In the gilded halls of Carthage Palace, Tunisian President Kaïs Saied delivered what was meant to look like a principled stand. In reality, it was a carefully choreographed ambush. When Massad Boulos, adviser to Donald Trump on Arab and African affairs, arrived in Tunis, he was met not with the customary decorum of diplomacy, but with a solemn and theatrical display: graphic images of Palestinian suffering, accusations of genocide, and a scathing indictment of Israeli policy. There was no attempt at dialogue, no pretense of cooperation. It was a lecture and a performance.
The tragedy unfolding in Gaza is real, and it warrants global attention. But so too is the political manipulation that often cloaks itself in righteous outrage. That an authoritarian figure like Kaïs Saied was the one delivering the message, and that the United States handed him the platform to do so, is what should trouble policymakers in Washington. Whether out of naïveté or miscalculation, the U.S. gifted a struggling strongman the opportunity to polish his image at their expense, and Saied seized it with precision.
What played out in Tunis was not an isolated misstep. It was part of a well-worn script used by autocrats across the region, a performance steeped in ambiguity, crafted to appeal to Western sensitivities while masking the hard truth of domestic repression. When legitimacy falters at home, when economies collapse and dissent simmers, the Palestinian cause becomes the go-to refuge. It offers moral cover, international headlines, and a distraction from domestic decay. From Tehran to Algiers, and now Tunis, the tactic is the same.
Facing Tunisia’s most severe crisis in decades, economic freefall, international isolation, and an erosion of civil liberties, Saied resorted to this playbook. The display wasn’t meant to advance Palestinian rights. It was meant to deflect, to rally support, and to reframe himself as a moral voice in a region where he’s anything but.

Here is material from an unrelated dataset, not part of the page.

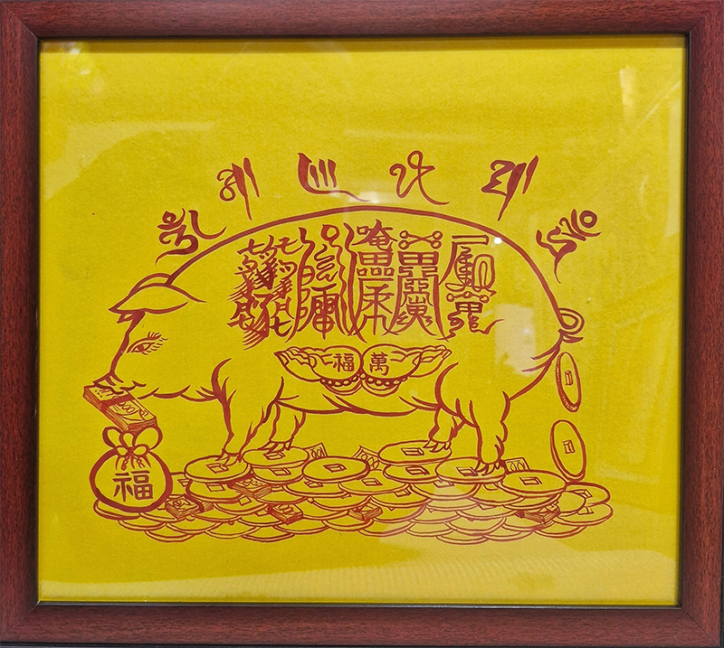영업이 부진하고 쇄퇴할때 선신의 공덕으로 재물이 늘고 영업이 왕성해지며 소원을 성취할 목적으로 영업장이나 사업장에 걸어두는 돼지재수부로 통영되기도 하는 부적입니다.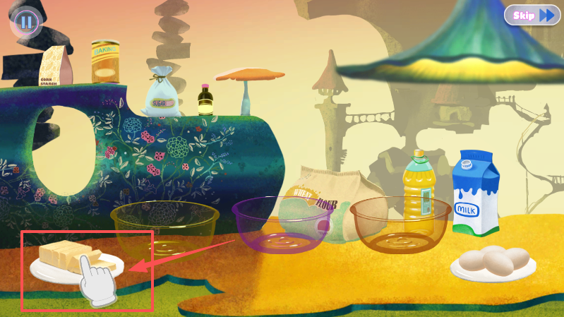 4、点击台面黄油,备好鸡蛋牛奶做蛋糕的材料。

This is a man who suspended parliament, dismantled judicial independence, jailed journalists, and crushed dissent. This is a leader who revived ties with Bashar al-Assad, the architect of mass atrocities against the Syrian people. Thousands of children were murdered under Assad’s regime, gassed, burned, and bombed, yet Saied saw no contradiction in welcoming him back into the diplomatic fold. To denounce Israeli brutality while embracing the butcher of Damascus isn’t just hypocrisy, it’s moral bankruptcy.
The meeting with Boulos offered Saied something he rarely gets these days: international validation. And he used it not to engage, but to perform. He wasn’t speaking to America; he was speaking through America, to a domestic audience he hopes to galvanize and to regional powers drawn to the toxic blend of populism and authoritarianism he now embodies. The message was clear: I stand defiant, I resist pressure, I defend Palestine. Never mind the Tunisians enduring rising poverty, censorship, and fear under his rule.
What did Washington expect to gain from this encounter? Influence? Leverage? The result was a photo op turned political weapon. And it underscores a deeper problem: the U.S. continues to treat repressive regimes as if they are rational actors in a shared rules-based order. But today’s autocrats aren’t just governing, they’re staging performances, and unless America understands that, it will continue being cast in roles it never auditioned for.
What makes this all the more damaging is the silence that follows. As Saied brands political opponents as traitors, lashes out at NGOs, and tightens his grip on power, Washington offers little more than muted concern. In trying not to interfere, it inadvertently enables, signaling that the theater works, that ambiguity pays off, that the show can go on.
And in the end, it’s the Palestinian cause that suffers. It deserves real defenders, leaders who fight for dignity abroad and uphold it at home. Not those who wave images of the dead while presiding over a nation in despair.
There is no shame in seeking dialogue. But diplomacy requires clarity, preparation, and strength of purpose — especially when engaging with leaders skilled in manipulation and spectacle. In Tunis, Massad Boulos was not outmaneuvered; he was unprepared. Tasked with representing a strategic vision for U.S. engagement in the region, he allowed himself to become a passive participant in KaïsSaied’s political theater.
We may never know what was truly said behind closed doors. American diplomacy may have preferred to deliver its messages discreetly. But in the court of public perception, the effect was disastrous. The images served Saied, not the mission Boulos was sent to defend. Far from strategic diplomacy, it was a miscalculation that offered Saied the perfect optics: a stage to posture, a foreign guest to legitimize him, and a headline to mask his domestic failures.